(Listed entries begins)
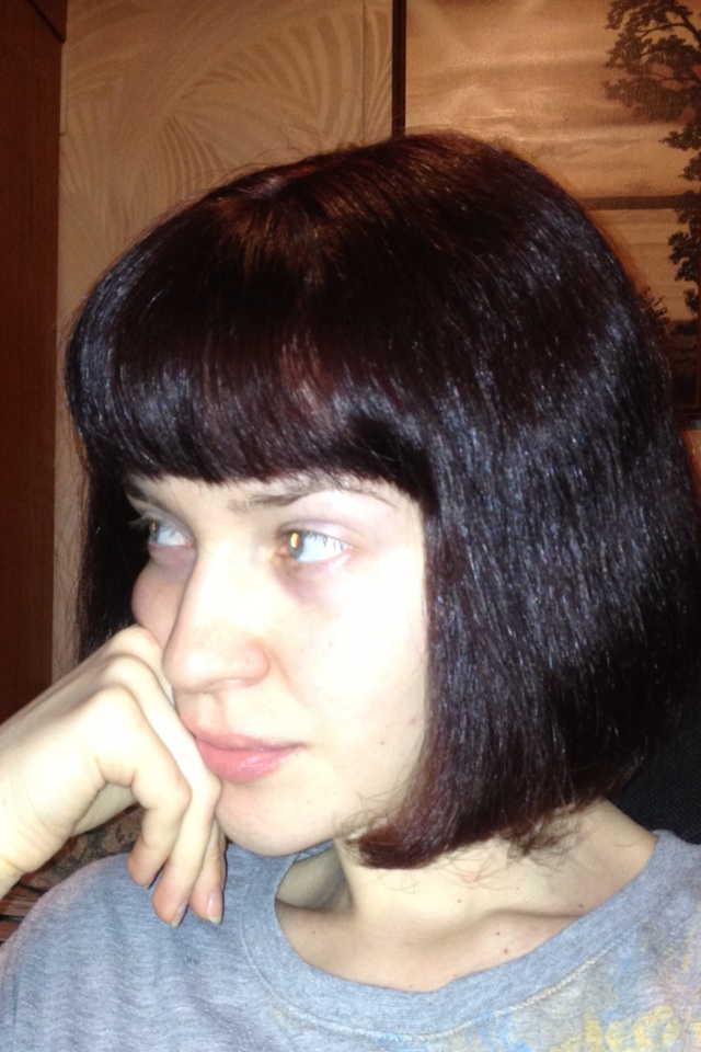 Вот кстати что у меня с повторным окрашиванием Колор Люксом вышло, я же все фото собиралась выложить. Очень интересный цвет: на свету выражено каштаново-красный, на фото со вспышкой чистый шоколад, а иногда и вовсе смотришь - ну натурально чёрный. Жених вчера прилетел, был в шоке, мягко говоря....последний раз он меня видел длинноволосой, рыжей и с кудрями![]()
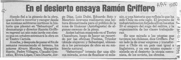 Ramón Griffero estrena montaje bilingüe [artículo]
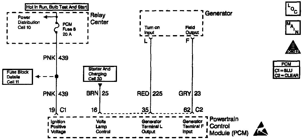 ^ If the harness appears to be OK, disconnect the PCM, turn the ignition ON and observe a digital multimeter connected between the generator lamp control circuit and ground at the PCM harness connector while moving connectors and wiring harnesses related to the generator lamp. A change in voltage will indicate the location of the fault.
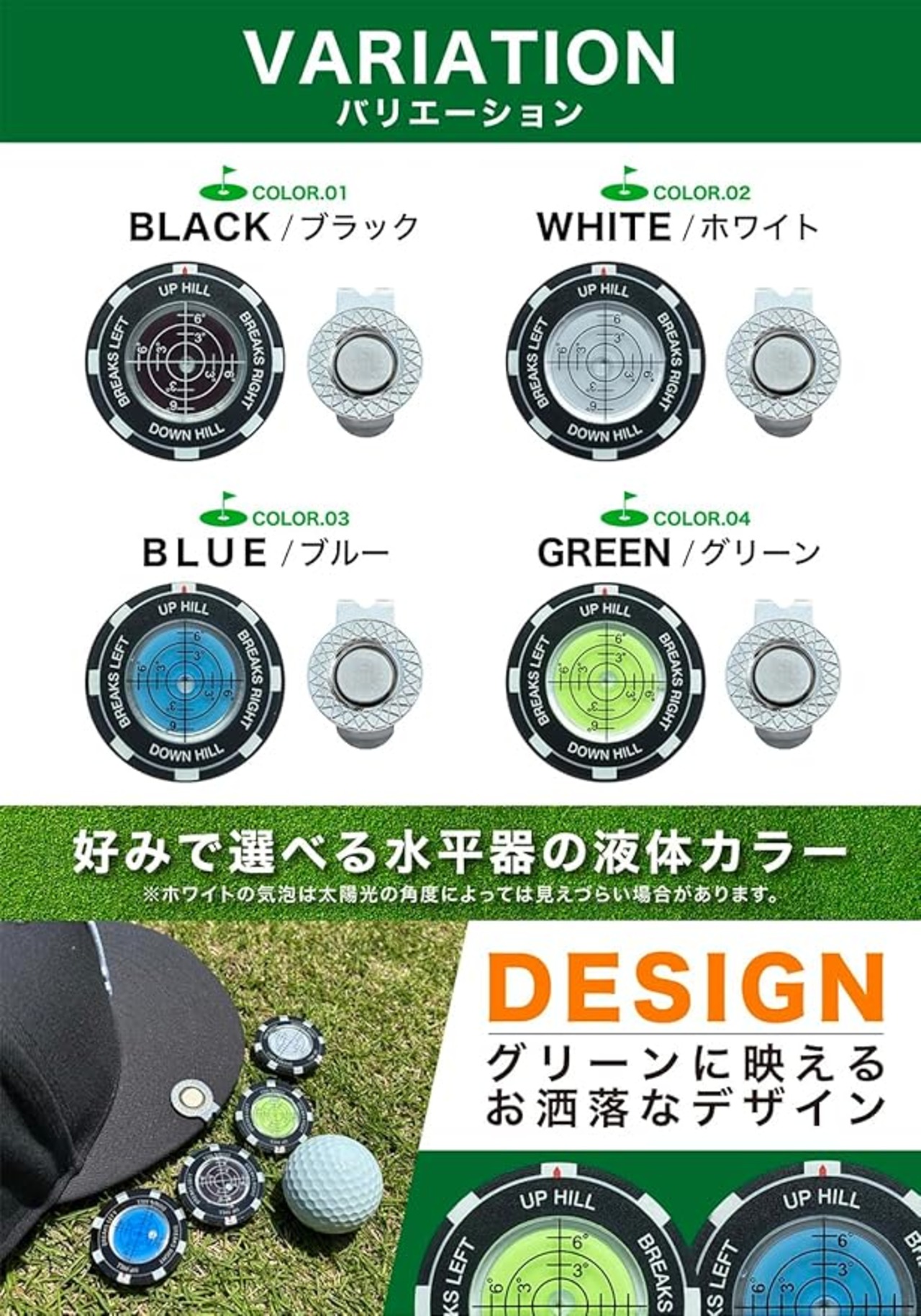 【デザイン性】スタイリッシュで洗練されたデザイン、グリーン上でも程よく目立つマーカーです
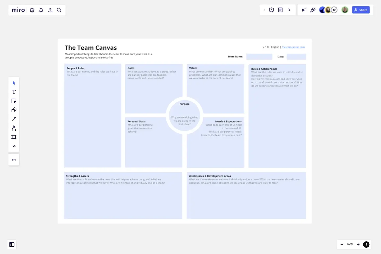 As a leader or facilitator, you experience moments when you need to bring team members together, clarify their goals, figure out their motivations and help them to be more aligned and productive. Use Team Canvas to start a structured conversation with the team and bring everyone on the same page.Â
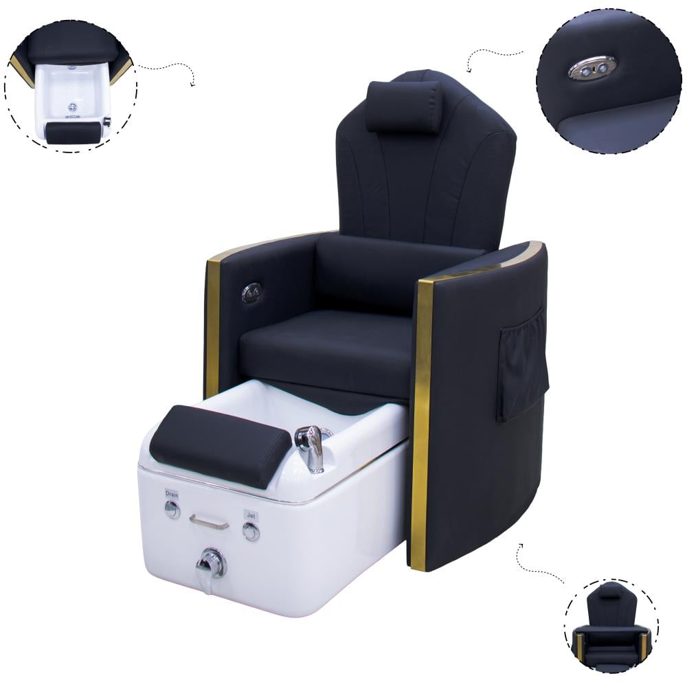 💺 كرسي بديكير ومساج أسود فاخر AW-03 | تصميم عصري بخيارات جاكوزي ومياه ساخنة
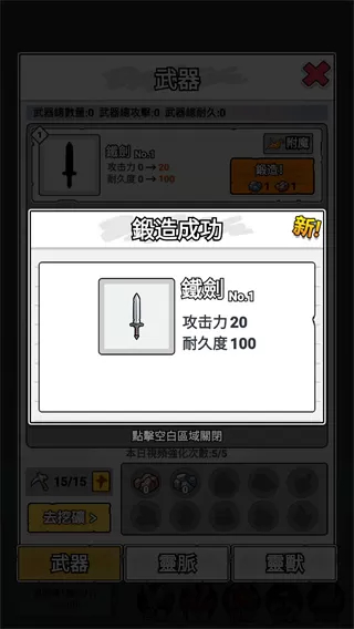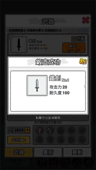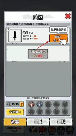 1. 在武器界面进行武器铸造,以此提高攻击力与耐久度,为战斗打下基础。
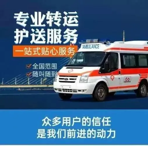 我们是救护车出租转运公司,120救护车接送病人预约护送。24小时为术后康复、危重患者及跨区域就医人群提供专业医疗转运服务,提供120救护车转运出租‖私人120救护车(非急救)‖跨省长途转运‖危重病人转运‖市内转运‖术后康复病人转运‖高铁病人转运‖患者返乡‖大型活动赛事保障‖配备ICU设备:呼吸机▪心电监护仪▪吸痰器•微量泵•氧气▪急救药箱▪专业医护团队
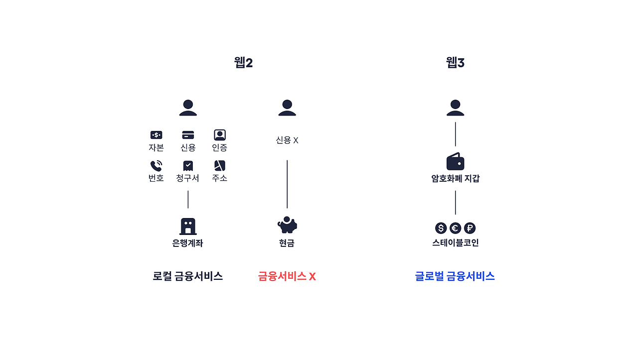 전 세계 인터넷 사용자가 약 50억 명 정도이고 이 중에서 17억 명은 은행계좌가 없다. 인터넷 인구의 약 1/3이 스마트폰이나 컴퓨터로 인터넷에 접근은 할 수 있지만 금융활동을 하지 못한다. 17억 명은 자본과 신용 없이도 핸드폰 버튼 몇 번을 누르면 암호화폐 지갑을 만들고 스테이블코인을 주고받을 수 있다.
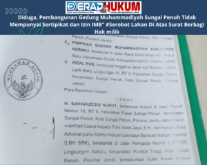 SUNGAI PENUH | Derphukum.click | Menurut keterangan yang merupakan ahli waris saat dikonfirmasi,Selasa 19 /3/2025 di panggil Uda im mengungkapkan bahwa penyerobotan lahan dan bangunan ini tidak mendasar, karena tidak sesuai dengan perjanjian bersama antara Pimpinan Daerah Muhammadiyah Kota Sungai Penuh dengan H.Saharuddin Nurut ( toko Anda) yang mana perjanjian berbagi hak atas tanah dan bangunan,
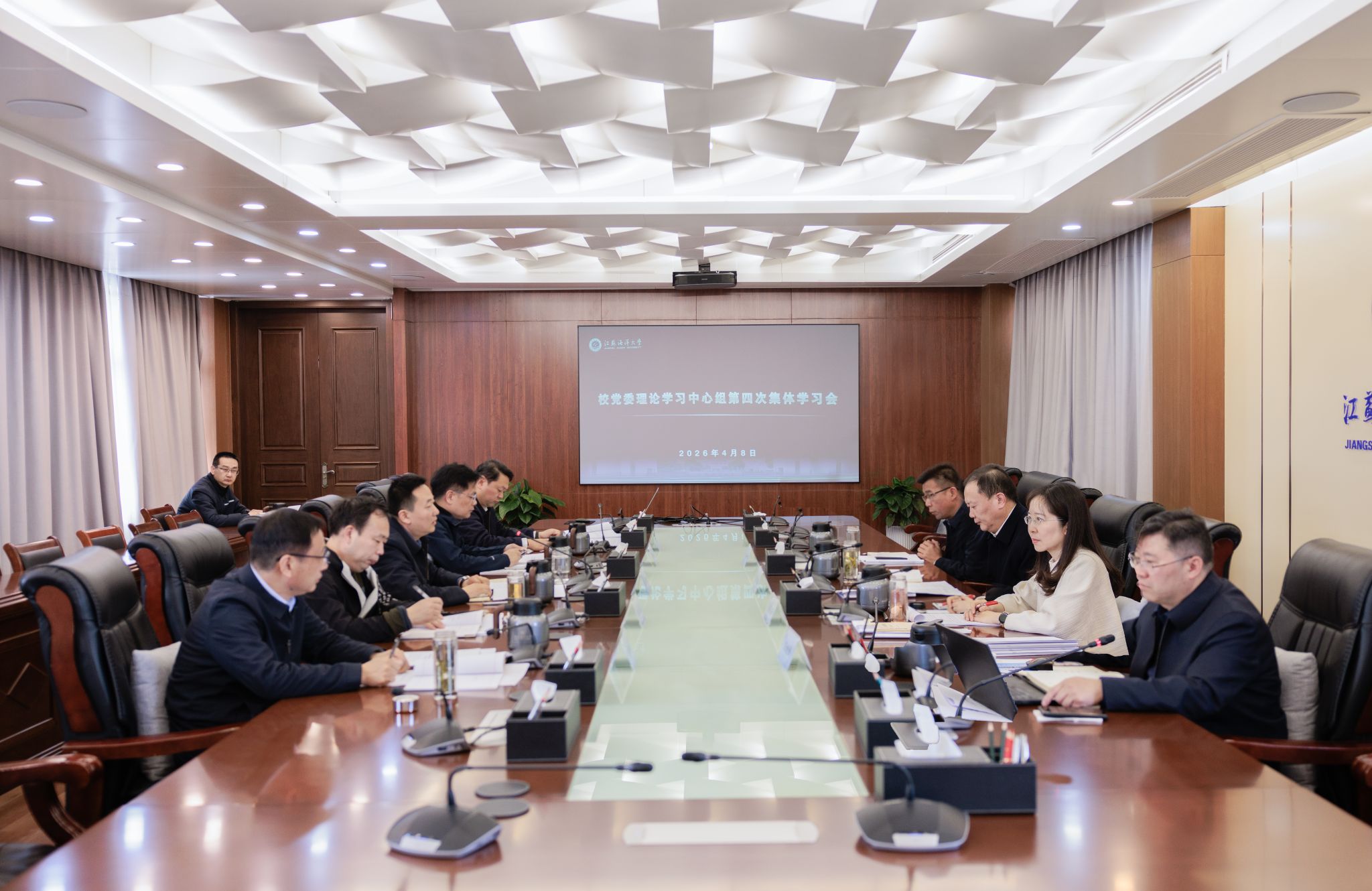 4月8日上午,校党委理论学习中心组在行政楼五楼会议室举行2026年第四次集体学习。党委书记、校长汤建主持学习并讲话。
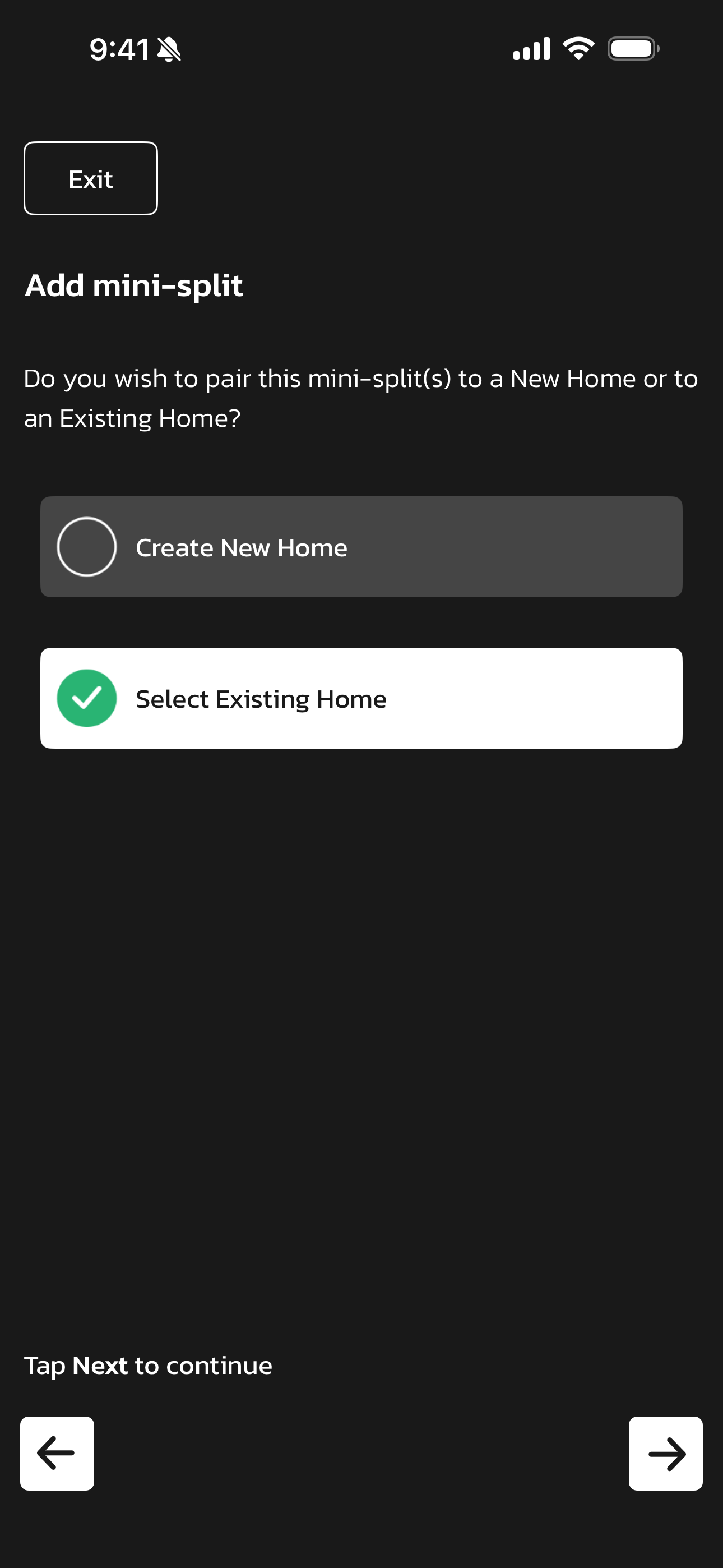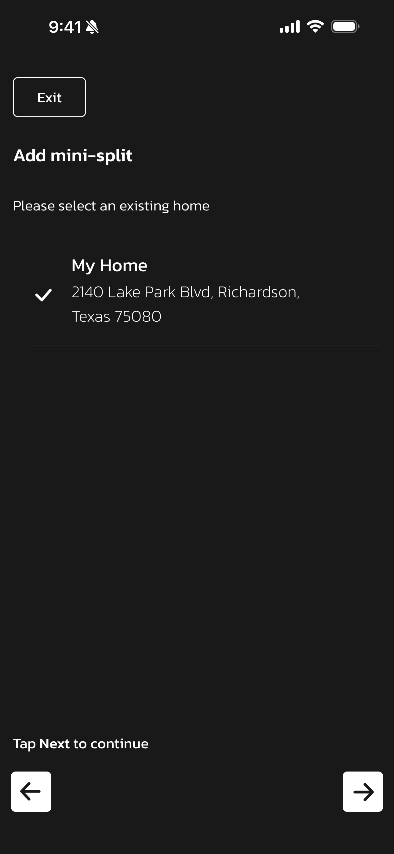 - Select the home you'd like to use. Once selected, a checkmark will appear.
(Listed entries ends)
Find the line that contains "我们是救护车出租转运公司,1", then write out that line and each one after it, exactly and with nothing else, through the end of the entries above, without the pictures.

 我们是救护车出租转运公司,120救护车接送病人预约护送。24小时为术后康复、危重患者及跨区域就医人群提供专业医疗转运服务,提供120救护车转运出租‖私人120救护车(非急救)‖跨省长途转运‖危重病人转运‖市内转运‖术后康复病人转运‖高铁病人转运‖患者返乡‖大型活动赛事保障‖配备ICU设备:呼吸机▪心电监护仪▪吸痰器•微量泵•氧气▪急救药箱▪专业医护团队
 전 세계 인터넷 사용자가 약 50억 명 정도이고 이 중에서 17억 명은 은행계좌가 없다. 인터넷 인구의 약 1/3이 스마트폰이나 컴퓨터로 인터넷에 접근은 할 수 있지만 금융활동을 하지 못한다. 17억 명은 자본과 신용 없이도 핸드폰 버튼 몇 번을 누르면 암호화폐 지갑을 만들고 스테이블코인을 주고받을 수 있다.
 SUNGAI PENUH | Derphukum.click | Menurut keterangan yang merupakan ahli waris saat dikonfirmasi,Selasa 19 /3/2025 di panggil Uda im mengungkapkan bahwa penyerobotan lahan dan bangunan ini tidak mendasar, karena tidak sesuai dengan perjanjian bersama antara Pimpinan Daerah Muhammadiyah Kota Sungai Penuh dengan H.Saharuddin Nurut ( toko Anda) yang mana perjanjian berbagi hak atas tanah dan bangunan,
 4月8日上午,校党委理论学习中心组在行政楼五楼会议室举行2026年第四次集体学习。党委书记、校长汤建主持学习并讲话。
 - Select the home you'd like to use. Once selected, a checkmark will appear.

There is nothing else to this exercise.